2- Custos de saúde sob pressão
O segundo eixo de transformação prende-se com os custos crescentes dos cuidados de saúde, que estão a consumir uma parte significativa dos orçamentos de “total rewards” (remuneração, benefícios e incentivos). O artigo refere que:
- Uma pequena percentagem de beneficiários (cerca de 1%) é responsável por aproximadamente 40% dos custos totais de saúde nas organizações;
- Os orçamentos de “total rewards” poderão aumentar cerca de 22% nos próximos quatro anos, com os custos de saúde a representar cerca de um terço desse crescimento.
O uso de análises preditivas e de dados integrados de sinistros, ausências e saúde é recomendado como forma de antecipar riscos e orientar intervenções precoces, reduzindo despesas e protegendo o bem-estar dos colaboradores.
3- Decisões baseadas em dados
A capacidade de tomar decisões com base em dados integrados é apontada como uma vantagem competitiva.

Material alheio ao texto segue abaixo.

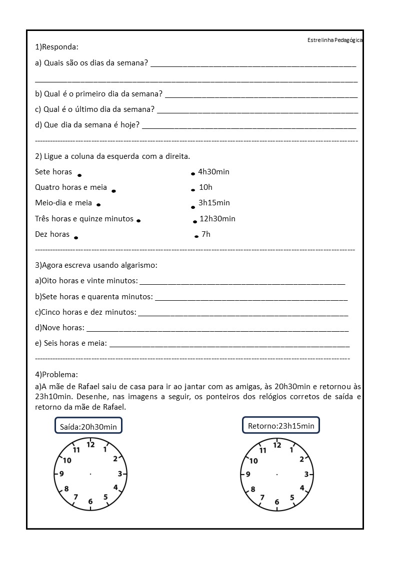 - Calendário: Use um calendário para praticar conceitos de datas, dias da semana e meses.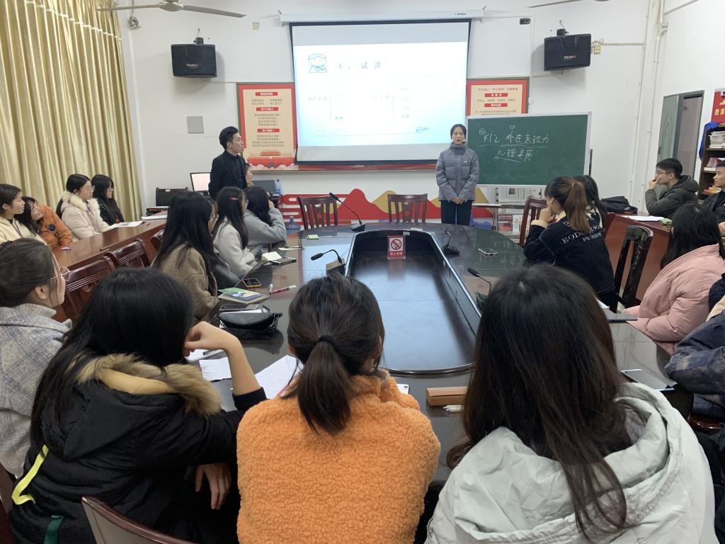 瞿鹏毕业后一直从事教师资格证考试、教师招聘考试指导工作,有着丰富的教学和实践经验。当晚,瞿鹏结合自己的学习和工作经历,和学弟学妹们畅谈心得体会,传授面试技巧。他回想求学经历,告诫学弟学妹珍惜大学时光,好好学习;结合自己的工作经验,从候场、备课、结构化面试、试讲、答辩、离场等环节详细讲解了教师资格证面试中的技巧与注意事项;邀请同学进行现场展示。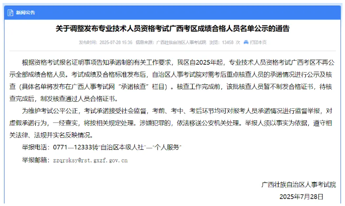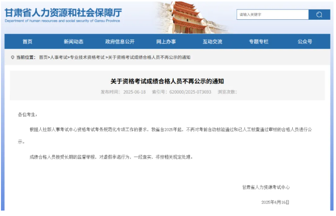 在过去两个月的时间里,包括甘肃、江苏、广西各地的考试单位相继发布了《不再公示专业技术人员职业资格考试成绩合格人员名单》的通告。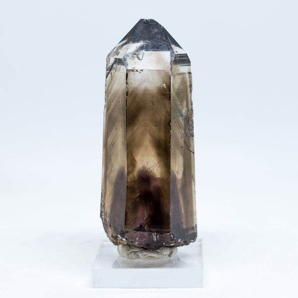 A glassy quartz with characteristic wispy smoky phantoms and a a more unusual amethyst phantom at the base. Some dings, including a prominent one on the rear side of the specimen, as is typical of this location.Data last checked on 31st Dec 2021 - specimen may no longer be available

A Aon afirma que a fusão de informações sobre compensação, benefícios, saúde e desempenho permite:
- Identificar padrões que isoladamente passariam despercebidos, como o facto de 60% dos trabalhadores com pedidos de compensação por acidentes também apresentarem condições crónicas de saúde;
- Antecipar custos futuros, melhorar a planeamento e desenhar programas de apoio mais eficazes.
4- Transparência salarial
A transparência salarial deixou de ser uma opção para se tornar uma exigência. Segundo a Aon, quase 47% dos trabalhadores indicam que um salário acima da média e benefícios significativos são o principal fator na escolha de um empregador.
A Diretiva Europeia da Transparência Salarial deverá ser transposta pelos Estados-membros até 7 de junho de 2026. Exige que as empresas publiquem critérios objetivos de remuneração, reduzindo lacunas injustificadas e promovendo maior equidade entre géneros e grupos profissionais.
5- Longevidade e equipas multigeracionais
O artigo da Aon indica que, nas próximas décadas, a proporção de pessoas com 65 anos ou mais deverá praticamente duplicar, criando desafios tanto para sistemas públicos como para políticas empresariais.
Desta evolução decorrem várias implicações:
- As carreiras lineares tornam-se menos frequentes, elevando a importância de modelos de aprendizagem ao longo da vida;
- Equipas multigeracionais exigem novos modos de liderança, desenvolvimento e sucessão.
As organizações são incentivadas a rever benefícios de aposentação e a promover transições mais graduais, integrando a longevidade nas suas estratégias de retenção e liderança futura.
Pela voz de Marinus van Driel, líder global de Human Capital Advisory da Aon, a análise deixa claro que esta transformação não é apenas tecnológica, mas profundamente humana. Num contexto em que a IA pode tornar algumas funções obsoletas, reforça que a confiança será determinante: “Os colaboradores precisam de confiança de que, se estiverem a usar tecnologia que possa torná-los obsoletos nas suas funções atuais, serão recompensados por terem outra função para a qual possam transitar”.